A Data Audit is required to ensure data can be trusted for decision making.
We aim our data organization to achive:
Representative: we measure what we say we measure.
Accurate and Complete: we consistently measure and represent all data
Timely: data is available and processed in a timely manner, enabling data driven decisions as soon as they are possible.
Aligned with Business: what we measure and how we calculate things is aligned with and throughout the organization.
In a Data Audit we'd look at the following:
Data Quality
User identifier captured and used in generating KPIs is consistent and allows to identify continuous user behavior. Make sure that userid does not change over the course of the user journey in the app (for example, if a paying user gets a new userid once they pay).
What Good Looks Like (WGLL) KPI: impact below 5% of all users, new users or revenue.
Data is captured consistently, meaning the same actions of users always lead to the same captured data.
All historical data is available.
Same timestamps are used to determine time of events.

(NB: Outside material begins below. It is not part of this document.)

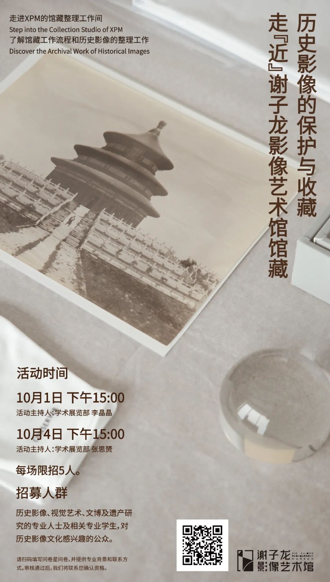 这个“十一”假期,和家人朋友来到谢子龙影像艺术馆,参与一次特别的馆藏工作坊!进入馆藏整理工作间,了解历史影像的保护与整理流程,近距离接触珍贵的蛋白照片、银盐照片、玻璃底片等不同材质的老照片。你将有机会探索这些珍贵影像背后的故事,感受历史的厚重与美感。
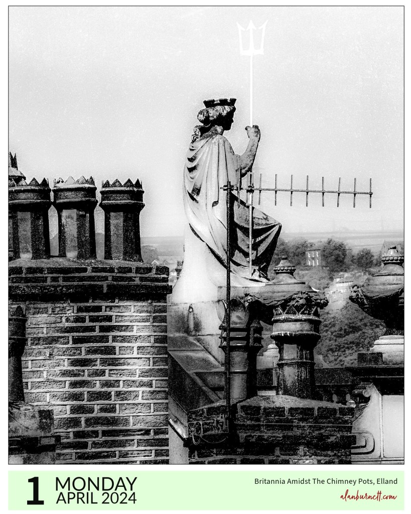 There are some scenes I return to again and again: photographs I have been taking for fifty years. One such is the statue of Britannia which overlooks Elland Bridge from her elevated position on the roof of the former premises of the Halifax and Huddersfield Banking Company. Sometimes I try and capture her in an elegant pose, flanked by the pilasters, columns and pediments of the frontage of what is now a beautifully restored building. At other times I sneak up on her and catch her off guard, amid the tv aerials and chimney pots.

Usage of local timestamps or any other timestamp does not lead to a distortion of data larger than 5% of measured KPI.
Monitoring and alerts of data values for positive and negative anomalies are set up.
Infrastructure and monitoring:
Technical designs available to address:
Scaling of storage and processing of data
Access control
Retention policies
Report generation - Can the people who need the information get it?
Data loss from user action to data sent to analytics system (internal or 3rd party) is minimal.
WGLL KPI: data loss under 5% of all users, new users or revenue.
Data loss from data sent to analytics system (internal or 3rd party) to data saved in analytics system is minimal.
WGLL KPI: data loss under 5% of all users, new users or revenue.
Data duplication is minimal at source (app) and DWH ETLs.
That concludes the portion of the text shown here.